A historic defeat in Baton Rouge
The night of May 16, 2026 will be remembered as a turning point in Louisiana's political history. Senator Bill Cassidy, a Republican lawmaker since 2014 and a physician by training, conceded his defeat in front of supporters gathered at Boudreaux's Caterers restaurant in Baton Rouge. Standing beside his wife, Dr. Laura Cassidy, the senator delivered a remarkably composed speech for the current political climate: "When you participate in democracy, sometimes it doesn't turn out the way you want it to. But you don't pout, you don't whine, you don't claim that election was stolen."
Those final words carried an unmistakable message — directed, without naming him, at President Donald Trump, whose persistent false claims about the 2020 election have deeply fractured American politics. Cassidy lost. And he accepted it with dignity, without excuses.
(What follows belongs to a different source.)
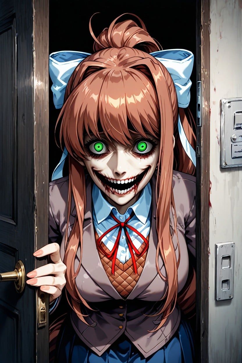 Style Horror Movie Ths, Corrupter, Monika From Doki Doki Literature Club AIポルノ

He became the first sitting U.S. senator to lose a regularly scheduled primary election in years — eliminated not by voters of the opposing party, but by his own Republican base. It is a powerful symbol of how thoroughly the GOP has been reshaped in the Trump era.
The original sin: the 2021 impeachment vote
Everything changed on February 13, 2021. The U.S. Senate was called to vote on whether to convict Donald Trump, who had been charged with inciting the January 6 insurrection at the Capitol. A two-thirds supermajority was required for conviction — a threshold that was not reached. But seven Republican senators had the courage, or the political recklessness depending on one's perspective, to vote for conviction. Bill Cassidy was one of them.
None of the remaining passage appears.